11 Ekim 2024 Cuma
ANILAR VE PANTOLON
PİKNİK
KIVILCIM
İdil Karaman
Saatlerdir masamın başında oturuyordum. Kelimeler birer birer tepemde uçuşuyor ancak onları tutup anlamlı bir cümle kuramıyordum. Bir kuş olsaydı zihnimde uçuşan onu tutup yazabilirdim ama kelimeleri yakalayamıyordum. Kanatları yoktu kelimelerin belki de bu yüzden yakalayamıyordum. Kuş olsaydı zihnimde uçuşan ihtimal aynı türde kuşlar olurdu fakat kelimeler öyle değil. Her biri farklı bir renk, farklı bir boyut.
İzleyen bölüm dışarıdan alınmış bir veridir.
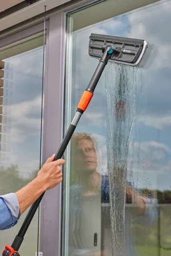 Okna zewnętrzne są wyjątkow narażone na wiele zabrudzeń spowodowanych warunkami pogodowymi lub sąsiedztwem dróg. Myjka do okien ze ściągaczką została specjalnie opracowana, żeby szybko i wygodnie przywrócić szybom ich dawny blask. Dzięki złączu GARDENA Original System, myjkę do okien można podłączyć bezpośrednio do węża ogrodowego i używać do mycia mniejszych okien lub w połączeniu z trzonkiem Cleansystem do mycia większych powierzchni.
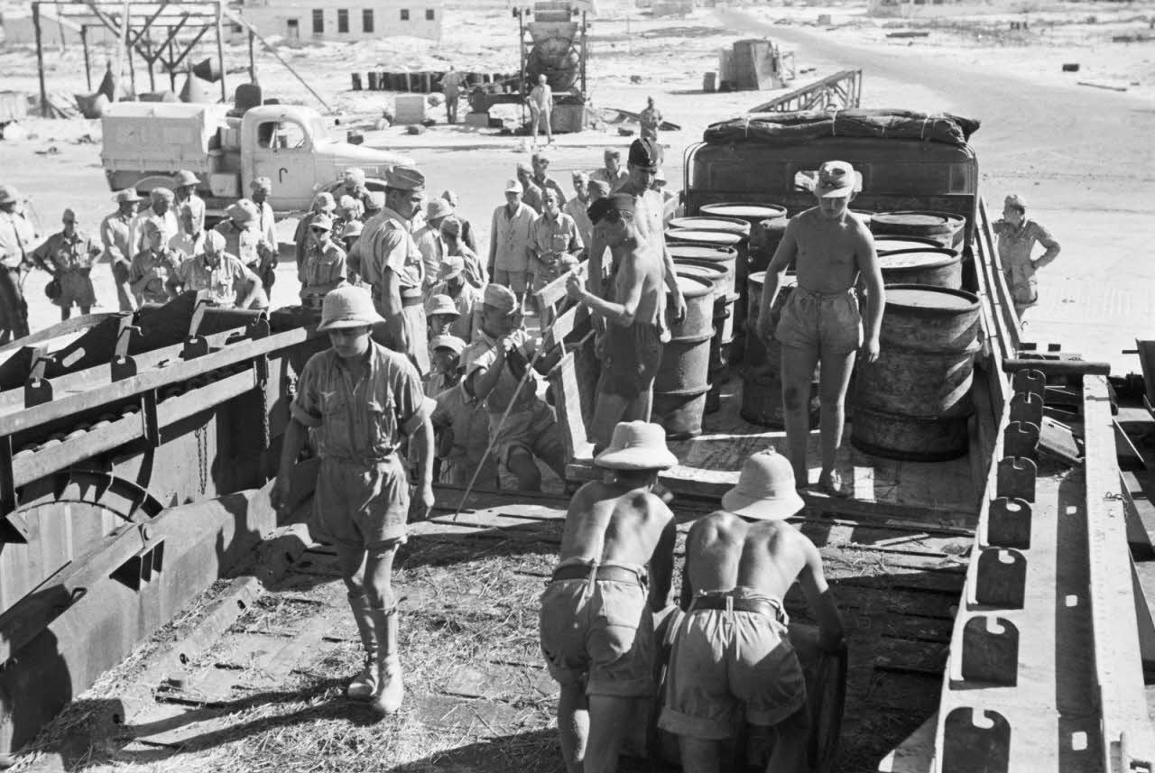 Dans le port de Marsa Matruh, le déchargement du ravitaillement de l'Axe par des prisonniers anglais et néo-zélandais.
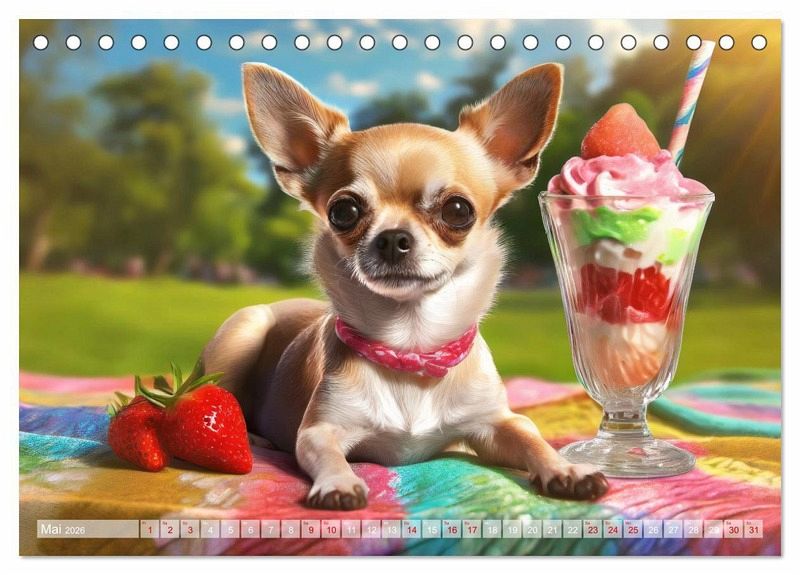Mai: Chihuahua liegt auf einer bunten Decke im Park, vor sich einen großen leckeren Eisbecher
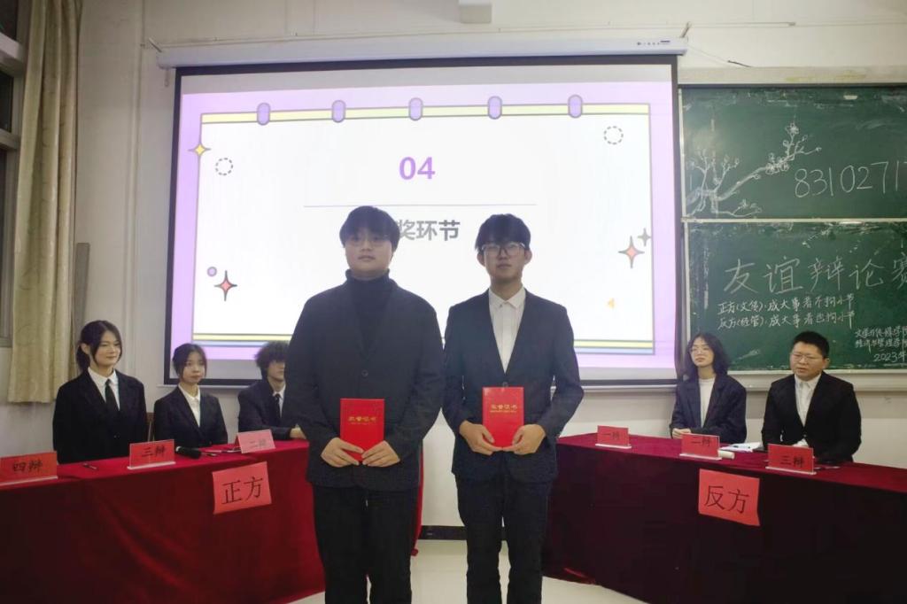 本网讯(见习记者 李如意 叶梦真 余佳怡/文 记者 张玉婷 见习记者 肖雅轩/图)为提高学生的思辨能力和语言表达能力,培养团队合作精神,切实加强校园文化建设。2023年12月15日,经济与管理学院联合文学与传媒学院举办的友谊辩论赛在文瀚楼附102教室举行。文学与传媒学院优秀辩手王珮伊、张秋瑞,经济与管理学院优秀辩手杨丽君、杨兆佳应邀出席本次比赛并担任评委。
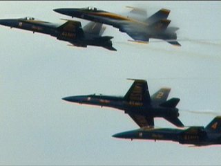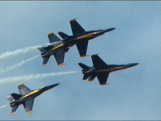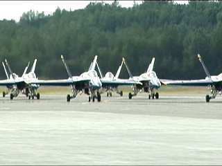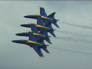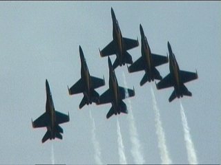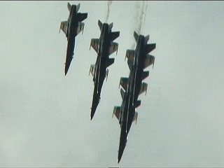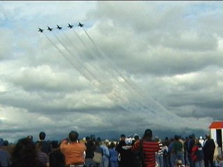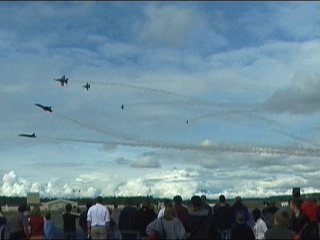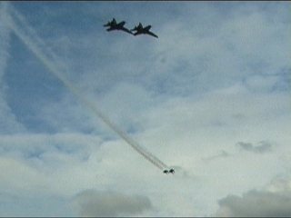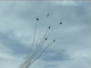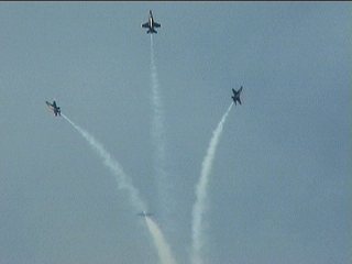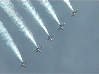 さすがに最後のデルタバーティカルブレイク(下向き開花)はカットされました。アトランタで見ておいて良かった…(^^;)最後は6機みんなでピッチアップからブレイクです。
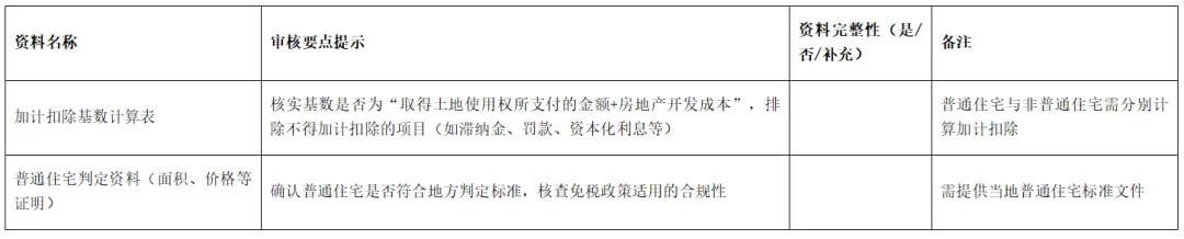 5. 加计扣除:审核加计扣除基数是否包含全部允许扣除的成本,排除资本化利息、税金等不得加计扣除的项目;对政府性基金(如基础设施配套费),按政策规定确认是否允许加计扣除。

Saatlerdir masamın başında oturuyordum. Kelimeleri tam tutacakken bazen bir telefon bildirimi ürkütüyordu onları bazen dışardan geçen bir araç sesi. Bazen üst kattan gelen sakin adım sesleri bazen damlatan bir musluk sesi. Dikkatimin dağılması bu kadar mı kolaydı, yoksa bende bir sorun mu vardı? Yazmak, bu kadar zor olmamalıydı.
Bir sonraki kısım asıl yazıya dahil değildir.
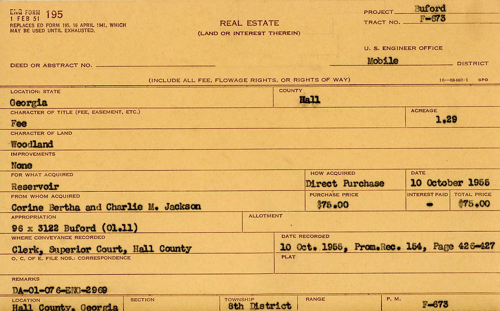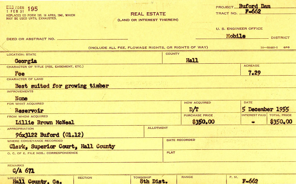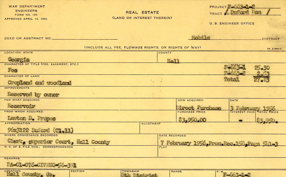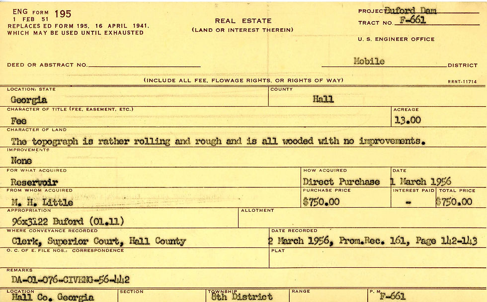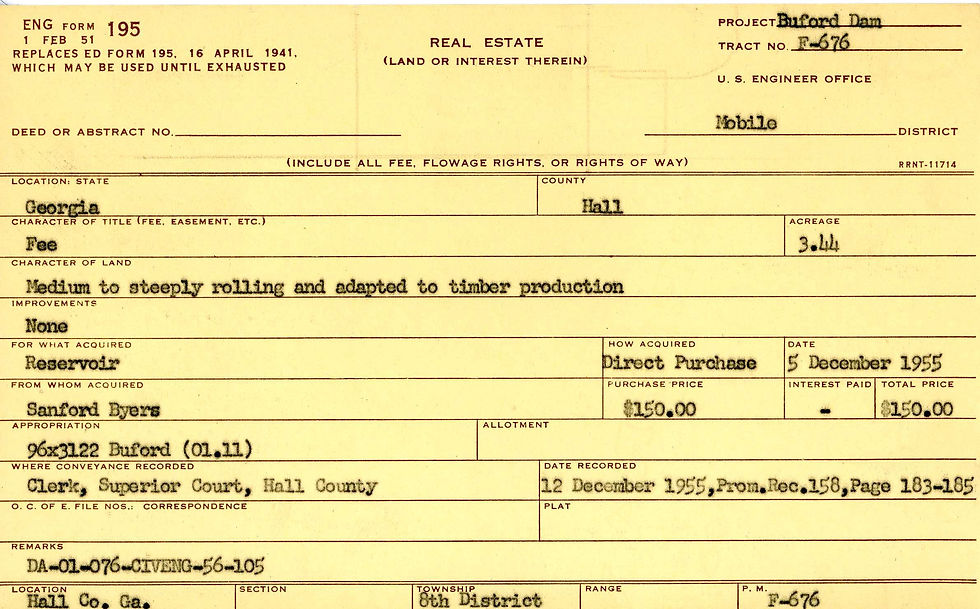 Welcome to Lake Lanier’s Reservoir Land & Property Archival Program. This tool will allow you to locate information on land and other property the government purchased for Lake Sidney Lanier. You can search for property information by the owner’s full name, the owner’s last name, the tract number, and county the property was located in.
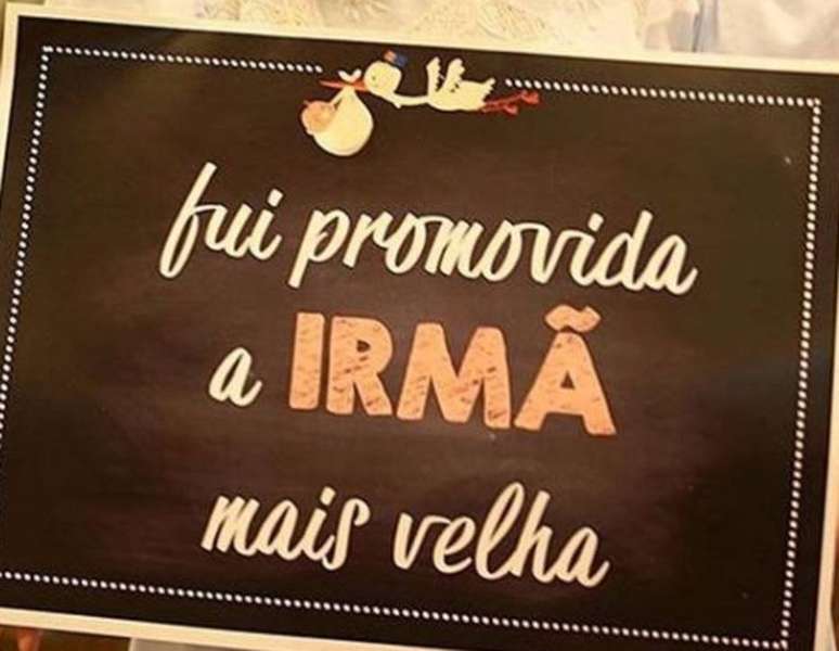 De repente, a pequena Nina aparece com um vestido azul e diversos balões das mesmas cores, mostrando que será a irmã mais velha de um menininho.
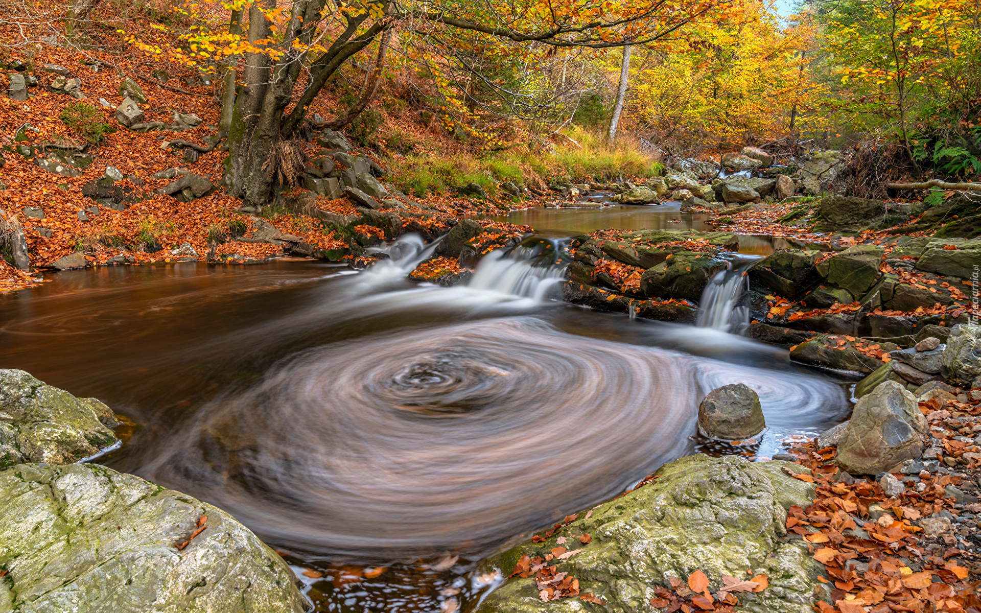Edytor tapety: Kamienie nad potokiem w jesiennym lesie
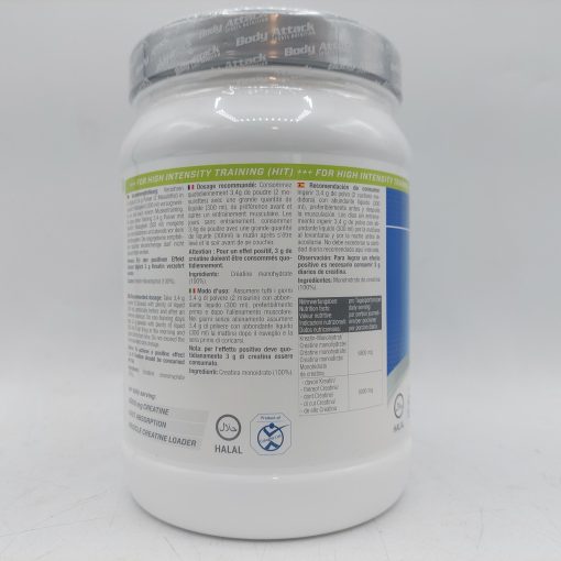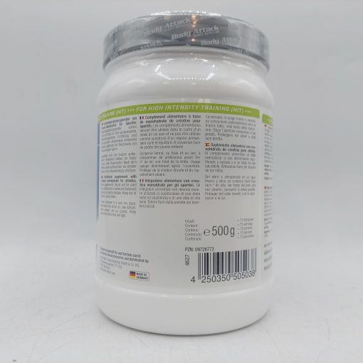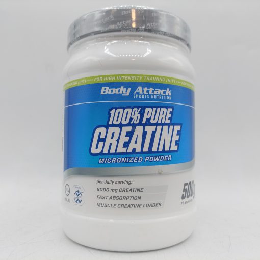 کراتین 100 درصد خالص بادی اتک Body Attack 100 Pure Creatine یک پودر کراتین مونوهیدرات میکرو بدون مواد اضافی است که به خوبی در آب یا آبمیوه حل می شود. این محصول دارای خاصیت افزایش عملکرد بدنی در تمرینات سرعتی و قدرتی به عنوان بخشی از یک تمرین مختصر و شدید است.

Konuşurken ne kadar rahattım oysa. Birilerine anlatırken bir olayı, birilerine aktarırken düşüncelerimi su gibi akıyordu kelimeler ancak masamın başına elimde kalemle geçince tıkanıyordum. Trafikte sıkışmış yeşil ışığı bekleyen bir araç gibi hissediyordum kendimi. Asla yanmayan bir yeşil ışık. O ışık dakikalarca, saatlerce, günlerce, aylarca yanmayacak ve ben orada öylece kalacağım diye düşünüyordum. Belki de yeşil ışık yanıyordu lakin ben fark etmiyordum. Önümdeki büyük araçlar engel oluyordu yeşil ışığı görmeme ve o büyük araçlar park etmişti.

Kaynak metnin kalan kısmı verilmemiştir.